To prepare for the extreme performance required at the Ironman competition, Steffen Haak is practicing several times a week in the pool, by bike or on his feet. Because of his work, as a graduate student, he has to fit his training during the week into an extended lunch or after work for about 2-3 hours, on weekends the training sessions are even longer.
A triathlon is a race combining swimming, cycling and running - with no breaks between the various disciplines. A "normal" triathlon at the Olympics consists of 1.5km swimming, 40km cycling and 10km running. The Ironman Triathlon World Championship in Hawaii, however, covers 3.86km swimming, 180km cycling and 42.195km running. This means that the athletes are on the road for more than 8 hours. Each discipline in this race is a challenge in itself. To illustrate: the 180km cycling corresponds to an average daily Tour de France stage and 42.195km of running represents a full marathon!

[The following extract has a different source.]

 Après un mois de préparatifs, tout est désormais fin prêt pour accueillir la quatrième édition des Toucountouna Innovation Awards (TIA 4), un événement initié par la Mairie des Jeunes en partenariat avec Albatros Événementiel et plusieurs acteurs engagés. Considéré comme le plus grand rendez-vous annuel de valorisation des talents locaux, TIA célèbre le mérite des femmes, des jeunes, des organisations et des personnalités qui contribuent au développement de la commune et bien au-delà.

Steffen Haak was born in 1982 in Friedrichshafen, southern Germany. He began his industrial engineering studies in 2002, at the University of Karlsruhe (TH), where he soon discovered a passion for triathlon. In the triathlon group at the university he gets excellent training opportunities which have supported him to become one of Germany’s top amateur triathletes in his age group. Steffen Haak is currently working at the computer science research center (Forschungszentrum Informatik, FZI) on his dissertation in the field of Information Process Engineering.